DeepSeek releases V4-Pro and V4-Flash: two open-source models with one million token context and 80.6 on SWE Verified
Why it matters
DeepSeek on April 24, 2026 released V4-Pro (1.6T / 49B active) and V4-Flash (284B / 13B active), two open-source models with one million token context. V4-Pro scored 80.6 on SWE Verified, near Opus 4.6, with drastically reduced memory consumption.
DeepSeek on Thursday, April 24, 2026, published a preview release of the V4 series: two open-weight open-source models — V4-Pro with 1.6 trillion total and 49 billion active parameters, and V4-Flash with 284 billion total and 13 billion active parameters. Both models support one million token context by default across all official services.
The release comes at a moment when competition among frontier models is shifting from pure benchmark numbers to efficiency in long context and agentic workflows. DeepSeek published the weights on Hugging Face Hub along with an accompanying technical report.
What does the new V4 architecture bring?
The key innovation is a hybrid attention mechanism combining two complementary techniques.

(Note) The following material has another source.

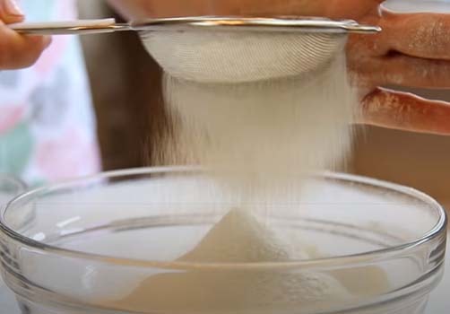 Смешиваем муку, какао-порошок, крахмал и разрыхлитель. Полученную сухую массу просеиваем через сито.

The first is CSA (Compressed Sparse Attention), which compresses every four tokens into a single KV record using a learned positional approach, with an FP4 “Lightning Indexer” then selecting the top-k most relevant compressed blocks per query.
The second is HCA (Heavily Compressed Attention) with a 128× compression ratio, using dense MQA (Multi-Query Attention) over heavily compressed blocks without the need for sparse selection. Both techniques retain a sliding full-attention window over the most recent tokens.
The result is a KV cache of just 2% compared to the standard GQA-8 baseline. At 1M token context, V4-Pro uses 27% of the FLOPs required by V3.2, and V4-Flash only 10%.
How capable are they on real tasks?
On the SWE Verified benchmark, which measures a model’s ability to autonomously resolve real GitHub bugs, V4-Pro-Max achieves 80.6%, practically matching Anthropic’s Opus 4.6-Max (80.8%). On Toolathlon, measuring tool orchestration, V4-Pro is first at 51.8 versus 50.0 for Kimi K2.6.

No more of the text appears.